For the sake of completeness, I'll mention two solutions to the generalized problem with a set $S$ of $2n+1$ points ($n\ge1$). The first is Federico Ardila's smoothing argument, which someone linked to in another thread. The second (which is not as motivated, but perhaps more beautiful) is based on ideas from a paper on the connection between balancing lines and halving triangles (in particular, Theorem 2.2 from here, which is essentially a subtler application of the invariant used in IMO 2011.2). Here we use (a special case of) the inverted form of Theorem 2.2, i.e. the fact that for a fixed point $P\in S$ and circle $C$ passing through $P$ but no other points of $S$, there are exactly $\min(m,2n-m)$ ordered pairs of points $(Q,R)\in S^2$ with $(PQR)$ a separator of $S$, $Q$ inside $C$, and $R$ outside $C$, where $m$ is the number of points in $S$ lying inside $C$. Take a point $O$ such that $OP\ne OQ$ for any two distinct points $P,Q\in S$, and label the points $P_i$ ($1\le i\le 2n+1$) of $S$ so that $OP_1<\cdots OP_{2n+1}$ (this may be more natural with stereographic projection, interpreting this as "decreasing $z$-coordinates" instead); let $C_i$ denote the circle centered at $O$ passing through $P_i$. Then we can identify each separator $(P_i P_j P_k)$ (where $i<j<k$) with $C_j$, the unique circle $C_l$ passing through one of $P_i,P_j,P_k$ and "separating" the other two. Furthermore, $C_i$ contains exactly $i-1$ points in its interior for every $i$, so by the previous paragraph, there must be exactly \[\sum_{i=1}^{2n+1}\min(i-1,2n-i+1)=n^2\]separators, as desired.
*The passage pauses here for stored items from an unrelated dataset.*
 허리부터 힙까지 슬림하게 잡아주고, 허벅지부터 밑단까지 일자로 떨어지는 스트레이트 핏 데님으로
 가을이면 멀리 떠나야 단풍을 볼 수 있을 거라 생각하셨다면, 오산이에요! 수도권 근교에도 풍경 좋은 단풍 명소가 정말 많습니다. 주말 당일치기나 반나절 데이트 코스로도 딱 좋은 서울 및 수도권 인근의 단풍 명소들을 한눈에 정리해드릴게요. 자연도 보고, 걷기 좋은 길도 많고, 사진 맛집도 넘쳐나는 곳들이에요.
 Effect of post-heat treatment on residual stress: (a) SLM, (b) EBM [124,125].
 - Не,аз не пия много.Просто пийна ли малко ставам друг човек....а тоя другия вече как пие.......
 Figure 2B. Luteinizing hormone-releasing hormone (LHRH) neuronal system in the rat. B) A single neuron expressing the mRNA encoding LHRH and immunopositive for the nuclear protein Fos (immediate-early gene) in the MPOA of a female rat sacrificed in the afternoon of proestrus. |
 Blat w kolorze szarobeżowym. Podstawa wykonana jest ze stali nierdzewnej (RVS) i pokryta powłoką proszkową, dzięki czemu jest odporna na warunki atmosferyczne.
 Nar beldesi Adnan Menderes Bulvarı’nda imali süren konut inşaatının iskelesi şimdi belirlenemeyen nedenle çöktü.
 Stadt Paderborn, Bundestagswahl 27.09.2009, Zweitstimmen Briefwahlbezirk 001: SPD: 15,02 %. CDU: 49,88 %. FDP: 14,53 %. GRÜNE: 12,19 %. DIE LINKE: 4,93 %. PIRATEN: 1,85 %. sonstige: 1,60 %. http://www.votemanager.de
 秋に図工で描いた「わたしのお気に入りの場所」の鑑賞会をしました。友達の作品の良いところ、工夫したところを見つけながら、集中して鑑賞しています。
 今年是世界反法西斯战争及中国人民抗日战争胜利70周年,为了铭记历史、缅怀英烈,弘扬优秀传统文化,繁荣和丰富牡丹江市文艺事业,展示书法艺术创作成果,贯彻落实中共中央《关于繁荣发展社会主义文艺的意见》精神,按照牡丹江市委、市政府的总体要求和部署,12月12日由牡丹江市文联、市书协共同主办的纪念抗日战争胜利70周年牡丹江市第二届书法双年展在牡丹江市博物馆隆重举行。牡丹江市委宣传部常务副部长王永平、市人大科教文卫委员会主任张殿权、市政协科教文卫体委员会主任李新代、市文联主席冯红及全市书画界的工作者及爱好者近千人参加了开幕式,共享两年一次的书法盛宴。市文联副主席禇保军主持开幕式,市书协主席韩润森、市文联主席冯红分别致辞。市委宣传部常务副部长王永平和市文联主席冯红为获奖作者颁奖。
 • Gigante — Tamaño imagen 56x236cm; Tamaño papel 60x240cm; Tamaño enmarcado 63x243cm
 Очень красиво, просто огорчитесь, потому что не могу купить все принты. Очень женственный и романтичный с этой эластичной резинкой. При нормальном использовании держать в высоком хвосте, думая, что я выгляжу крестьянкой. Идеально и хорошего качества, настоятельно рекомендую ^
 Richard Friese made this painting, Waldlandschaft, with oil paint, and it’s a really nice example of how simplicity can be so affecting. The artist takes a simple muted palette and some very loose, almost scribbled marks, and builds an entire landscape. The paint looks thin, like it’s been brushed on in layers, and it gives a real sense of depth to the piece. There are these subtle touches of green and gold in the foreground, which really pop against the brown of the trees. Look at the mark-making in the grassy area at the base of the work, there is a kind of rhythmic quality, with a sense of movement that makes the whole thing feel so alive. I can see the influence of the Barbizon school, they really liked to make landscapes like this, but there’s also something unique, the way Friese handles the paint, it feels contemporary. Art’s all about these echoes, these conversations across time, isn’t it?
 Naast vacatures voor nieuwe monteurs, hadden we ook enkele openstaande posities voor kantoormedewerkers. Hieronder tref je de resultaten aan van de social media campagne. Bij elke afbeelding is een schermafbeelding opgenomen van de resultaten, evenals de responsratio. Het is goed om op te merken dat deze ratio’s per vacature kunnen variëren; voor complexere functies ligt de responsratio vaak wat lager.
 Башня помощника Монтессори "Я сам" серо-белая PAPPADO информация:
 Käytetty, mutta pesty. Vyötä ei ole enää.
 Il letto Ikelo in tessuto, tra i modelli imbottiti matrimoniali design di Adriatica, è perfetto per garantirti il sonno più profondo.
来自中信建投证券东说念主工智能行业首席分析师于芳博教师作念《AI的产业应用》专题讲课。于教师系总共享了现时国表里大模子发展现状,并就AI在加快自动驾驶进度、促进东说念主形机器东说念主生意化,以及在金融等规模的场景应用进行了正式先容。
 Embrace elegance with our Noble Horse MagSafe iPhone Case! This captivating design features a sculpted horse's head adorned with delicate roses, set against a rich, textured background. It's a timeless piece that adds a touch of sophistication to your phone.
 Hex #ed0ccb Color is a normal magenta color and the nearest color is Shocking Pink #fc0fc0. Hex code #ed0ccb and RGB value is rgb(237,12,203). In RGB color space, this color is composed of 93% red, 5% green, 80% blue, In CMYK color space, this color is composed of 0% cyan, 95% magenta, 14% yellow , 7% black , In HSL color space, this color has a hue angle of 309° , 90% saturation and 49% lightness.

And as noted in Ardila's paper, we can just as easily count the total number of separators of type $(a,b)$ or $(b,a)$ (where there are either exactly $a$ inside and $b$ outside or $a$ outside and $b$ inside) whenever $a+b=2n-2$ (the original problem is just $(n-1,n-1)$). But the general inverted form of Theorem 2.2 still applies, except we have to sum up $2\min(i-1,2n-i+1,a+1,b+1)$ instead of $\min(i,2n-i)$, where the extra factor of 2 accounts for our inability (with this method) to distinguish between types $(a,b)$ and $(b,a)$ whenever $a\ne b$.

orl wrote: OFFICIAL SOLUTIONS Solution 1: Let $\{A,B,C,D\}$ be the inverses of four of the points of the set through an inversion having as pole the fifth point. Notice that a a separator which passes through the pole is transformed into a straight line which passes through two of the points $A,B,C,D$ and separates the other two. Notice also that a separator which does not pass through the pole is transformed into a circle which passes through three of the points $A,B,C,D$ and contains the fourth point inside. Considering K - the convex hull of the set $\{A,B,C,D\}$, two cases may appear. Why is it true that a separator which passes through the pole is transformed into a straight line which passes through two of the points $A,B,C,D$ and separates the other two and that a separator which does not pass through the pole is transformed into a circle which passes through three of the points $A,B,C,D$ and contains the fourth point inside? Thanks a lot!

Anyone? I would really appreciate the help!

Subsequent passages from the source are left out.